WORK INSTRUCTIONS: There are pictures in the records below; leave them out and set down exactly the lines from the one holding "ONEの無料予想は、会員ペー" through the one holding "Es un gatito".

===== DATA TO PROCESS

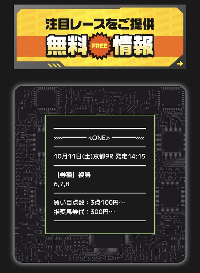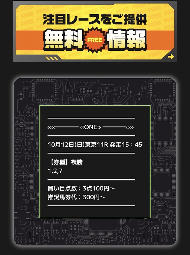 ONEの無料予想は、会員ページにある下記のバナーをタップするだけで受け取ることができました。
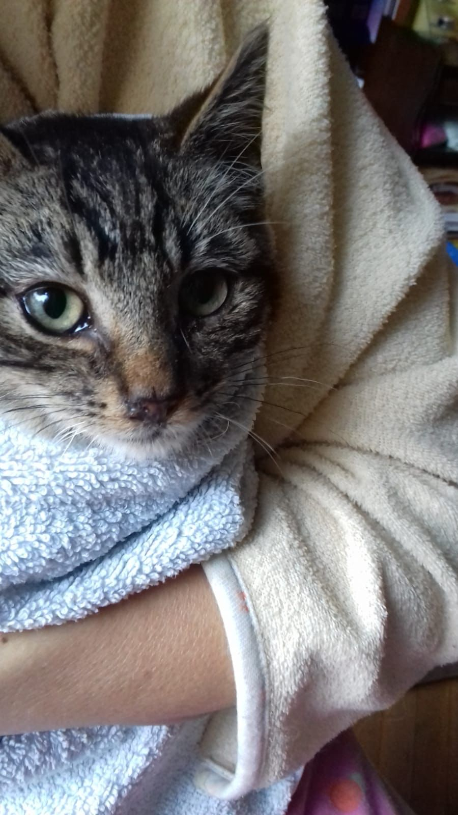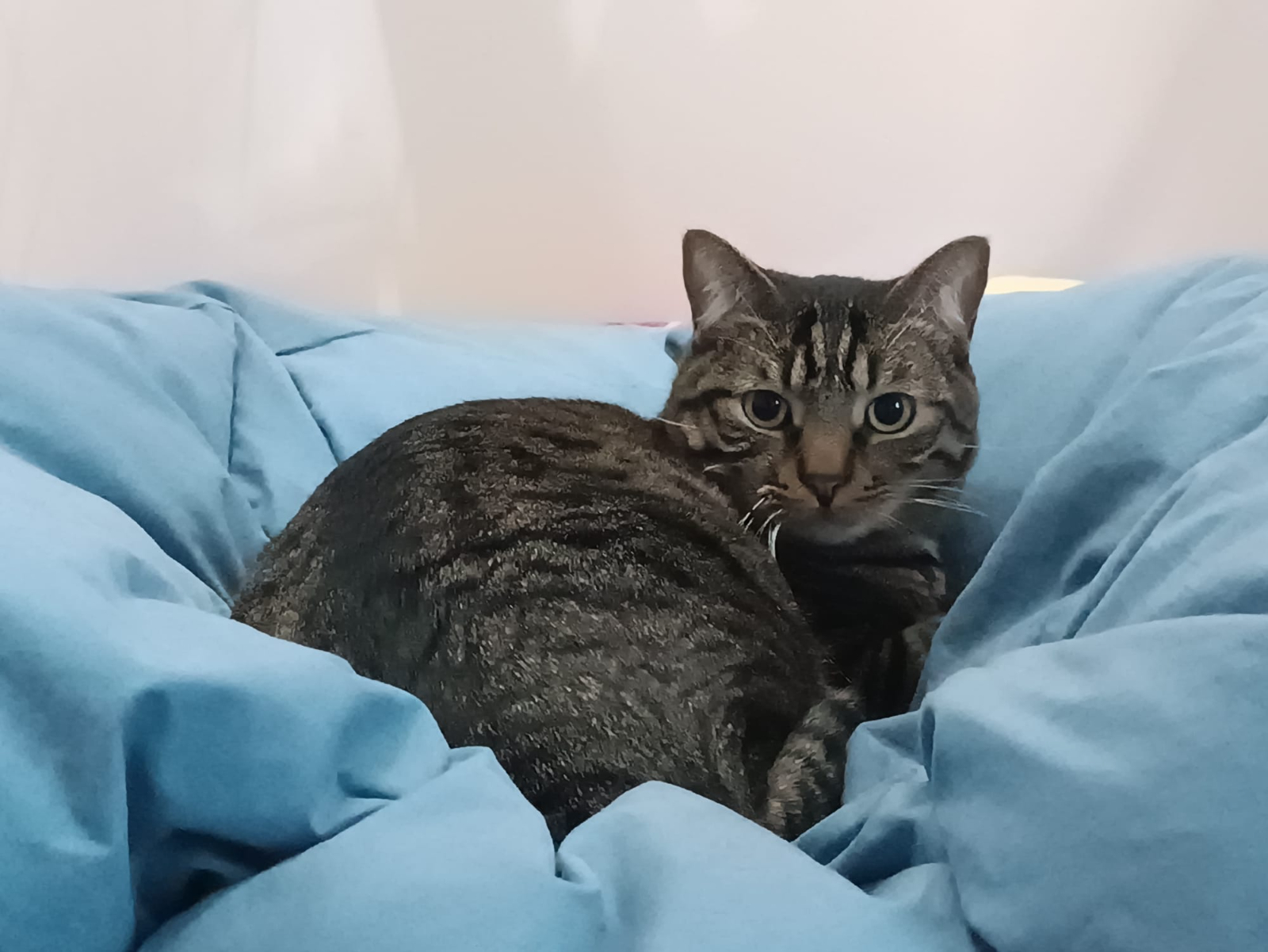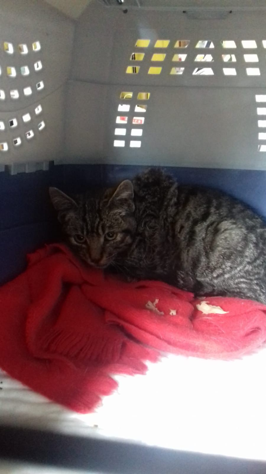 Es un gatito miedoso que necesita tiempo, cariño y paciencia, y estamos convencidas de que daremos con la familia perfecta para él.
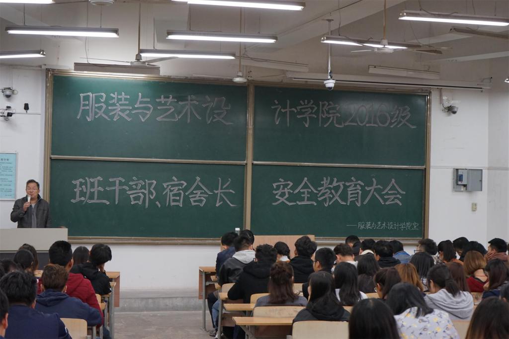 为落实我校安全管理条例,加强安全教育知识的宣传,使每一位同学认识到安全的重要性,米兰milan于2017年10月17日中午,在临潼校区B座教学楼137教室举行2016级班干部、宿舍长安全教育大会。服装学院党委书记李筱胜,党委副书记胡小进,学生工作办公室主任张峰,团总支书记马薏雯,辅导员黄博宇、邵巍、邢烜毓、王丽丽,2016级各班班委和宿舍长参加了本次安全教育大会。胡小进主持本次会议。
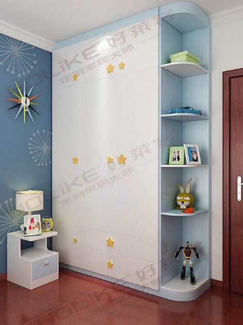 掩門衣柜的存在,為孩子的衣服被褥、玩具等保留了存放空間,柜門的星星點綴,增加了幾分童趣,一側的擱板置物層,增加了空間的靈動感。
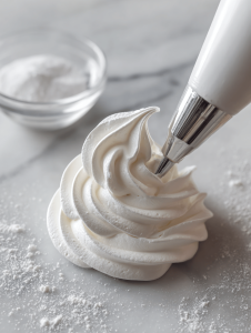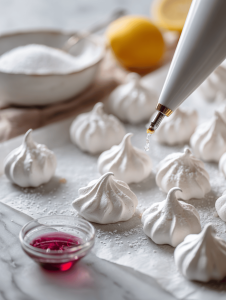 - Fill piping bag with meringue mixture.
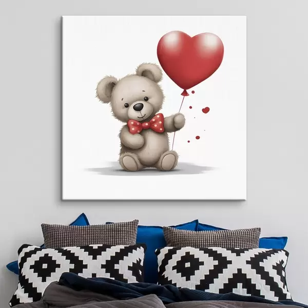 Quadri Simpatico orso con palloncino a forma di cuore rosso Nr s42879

==========
===== DATA TO PROCESS

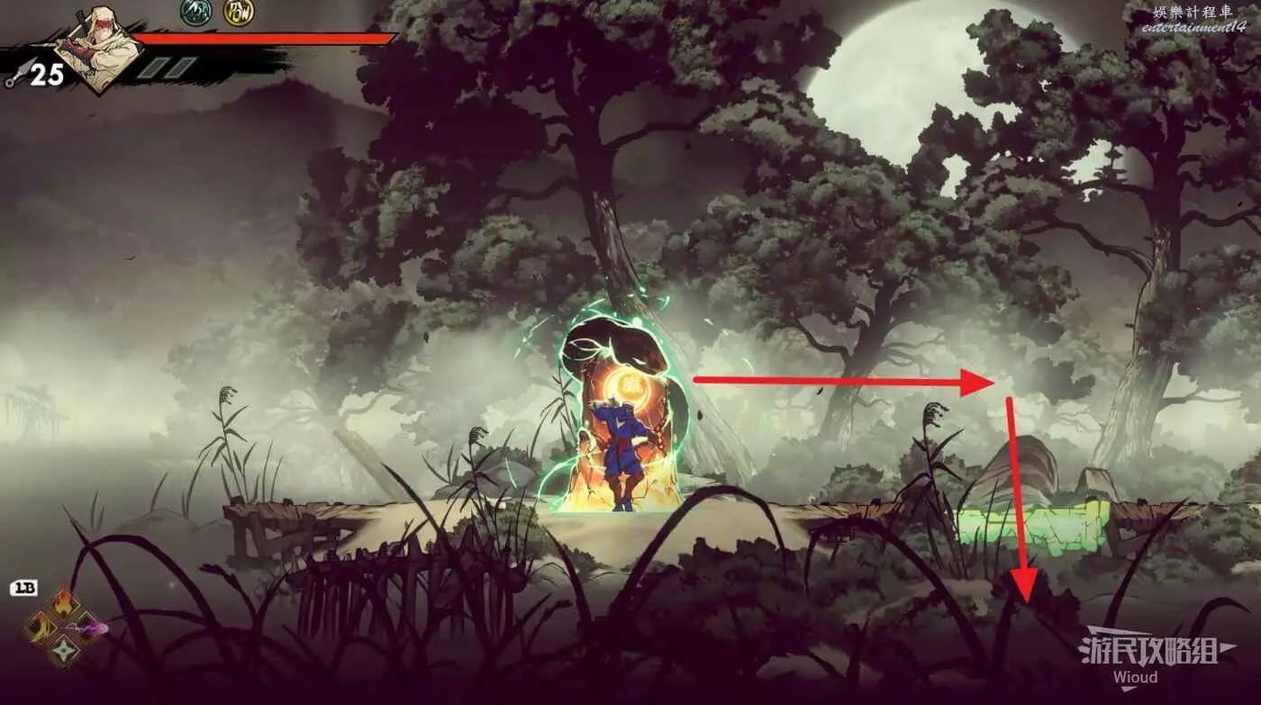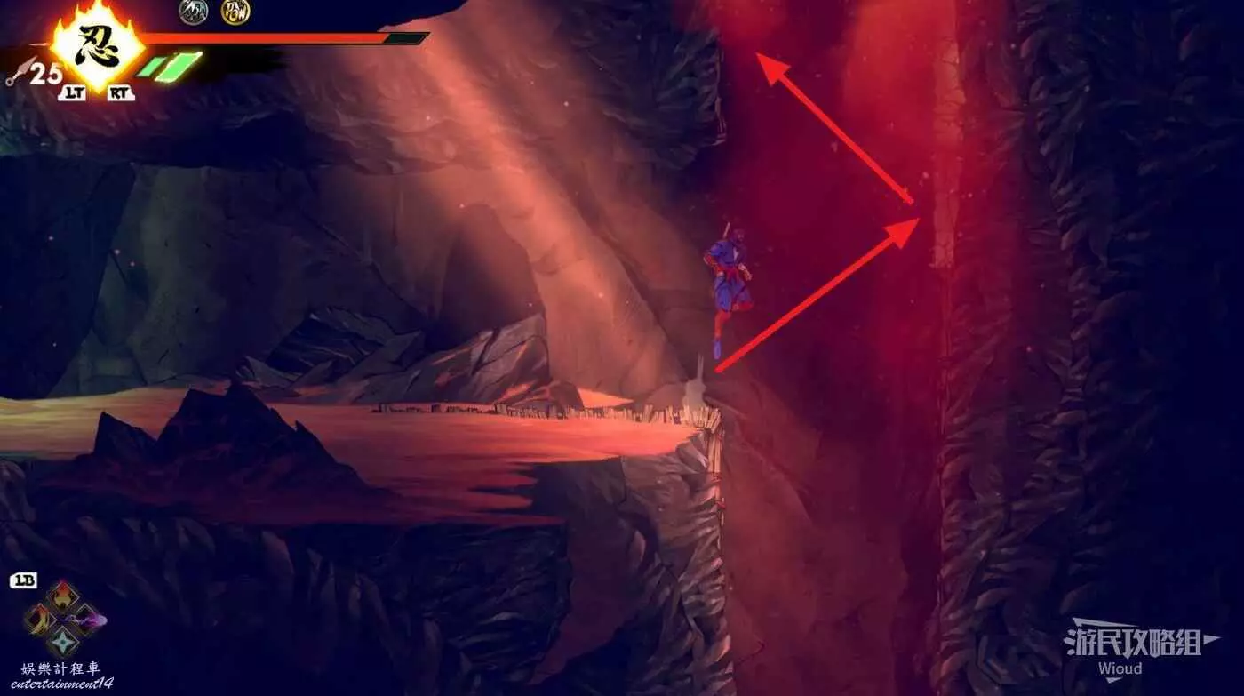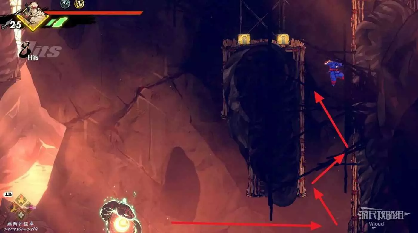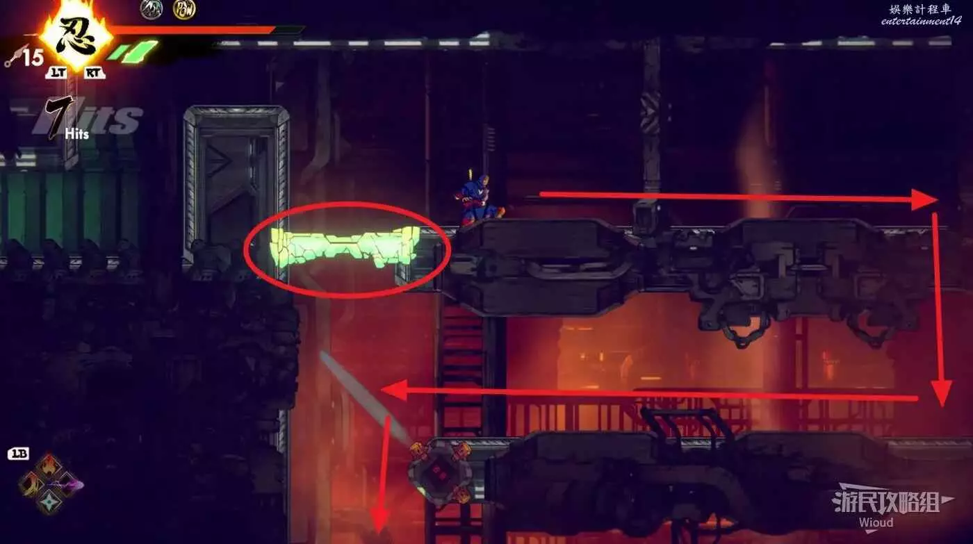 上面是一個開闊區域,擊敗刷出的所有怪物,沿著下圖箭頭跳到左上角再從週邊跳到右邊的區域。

==========

TASK RESPONSE:
 ONEの無料予想は、会員ページにある下記のバナーをタップするだけで受け取ることができました。
 Es un gatito miedoso que necesita tiempo, cariño y paciencia, y estamos convencidas de que daremos con la familia perfecta para él.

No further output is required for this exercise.